Casale told the Miami Herald that he changed his original position regarding Britt because “it has become clear that many of the sensible and reasonable solutions to this gun epidemic, which have been discussed previously, were becoming less and less clear.”

“I came to the conclusion that St. Thomas was being associated with gun violence and that was not an image I thought was good for the university,” he added.

Professor Brian Scarnecchia, a professor at Ave Maria School of Law in Florida told CNA that while St. Thomas University is free to make personnel decisions, Britt’s position on the board of American Outdoor Brands does not conflict with Church social teaching.

“The president of St. Thomas University had it right the first time. There is no inherent conflict in working for a Catholic institution of high education and being on the board of a firearms manufacturing company. Both provide morally neutral products and services,” Scarnecchia said.

“A Catholic can work for a firearms company in good faith. A Catholic could not work for Planned Parenthood or Playboy magazine in good faith. The difference is that a firearm is a neutral product, but the principal products and services of Planned Parenthood and Playboy are not,” he added.

“I say a firearm is a neutral product because it has no inherently bad or good purpose. A firearm may be used for home defense, recreational target shooting, hunting or murder,” he said, whereas pornography and contraceptives can only be used for evil.

The university’s position about Britt raised questions about others affiliated with the university.

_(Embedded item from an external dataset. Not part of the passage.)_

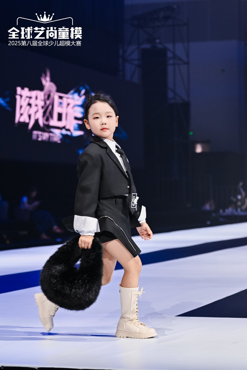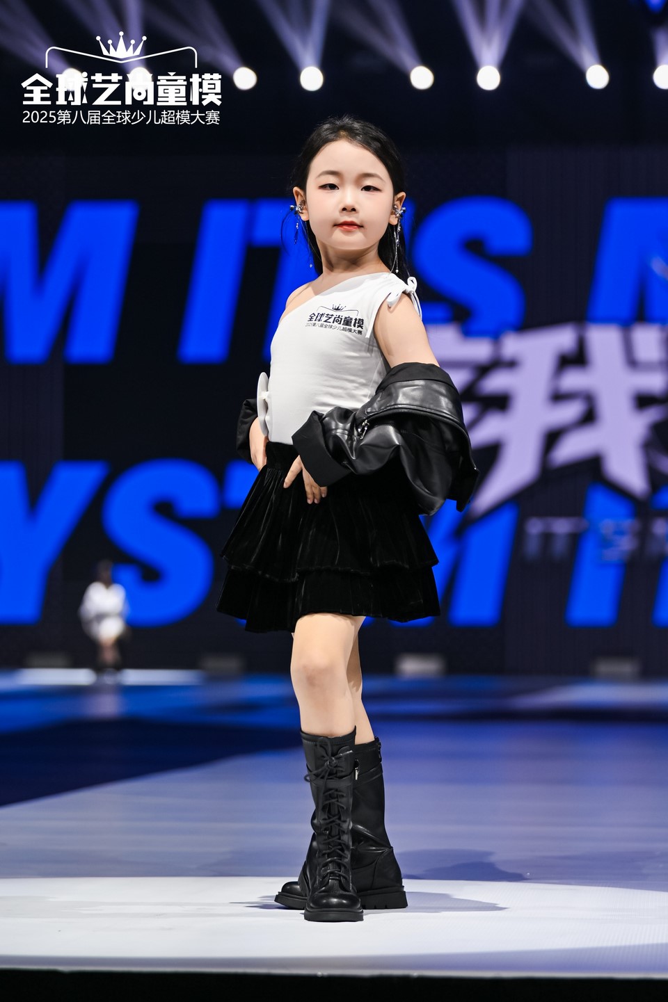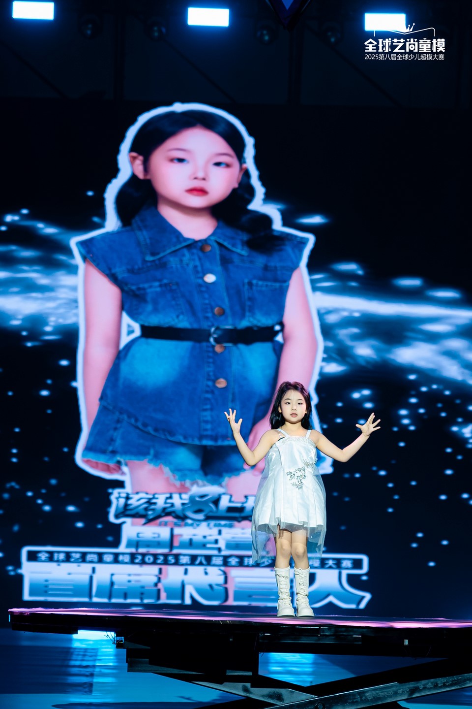 她微微侧身,姿态舒展,将童真与时尚酷感巧妙融合,似要在舞台上演绎一场独特的时尚之舞,为这场大赛拉开充满活力与创意的序幕。

Victor Mendelson, who sits on the board of St. Thomas University, is the co-president of HEICO, a company that builds technology and components for military aircraft, drones, and weapons systems.

St. Thomas University did not respond to questions about Mendelson’s position or about whether it had investigated the standings, in light of Catholic social teaching, of other companies and institutions represented among their board members.

Casale himself previously served as board secretary to a nonprofit housing corporation that, during his time on the board, partnered with Miami’s Pride Center to develop an LGBT-focused housing complex.

Neither the archdiocese nor the university responded to questions about whether faculty members teaching theology have received the ecclesiastical mandatum required by Pope St. John Paul II's Ex corde ecclesiae. The mandatum is an acknowledgment by church authority that a Catholic professor of a theological discipline is teaching within the full communion of the Catholic Church.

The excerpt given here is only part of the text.